Tony’s Take, August 2025

This month’s topics:

The mathematics of gerrymandering.

Gerrymandering, the practice of drawing legislative maps that disproportionately benefit one political party, is in the news these days as Texas’s new Republican-friendly legislative map generates lawsuits and threats from Democratic states to respond in kind. In a guest essay in the August 12, 2025 New York Times, Harvard economist Roland Fryer shares a metric that he thinks can help identify gerrymandered maps.

This metric, called the “Relative Proximity Index” (RPI), was developed by Fryer and Richard Holden back in 2007. It gives a precise mathematical interpretation of compactness, which is one of the National Council of State Legislatures’ two “traditional criteria” for fair legislative maps. (Although gerrymandering is not considered good practice, it is not expressly forbidden. States are only required to draw districts that are as equal in population as possible.) Different states measure compactness differently, as evidenced by these examples from the League of Women Voters.

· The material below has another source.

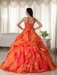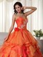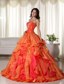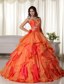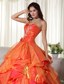 Orange Sweetheart Appliques Ruffles Natural Waist Quinceanera Dress

Current measures of compactness are based on the geometry of the district: Elongated districts or districts with long perimeters are penalized. Fryer and Holden’s index, however, measures compactness based on the locations of voters—specifically, the average physical distance between voters within a district. It then compares this average physical distance to the minimal such distance achievable by any possible districting plan. The RPI is actually negatively correlated with current measures, and so would likely recommend maps that are quite different from those in use right now.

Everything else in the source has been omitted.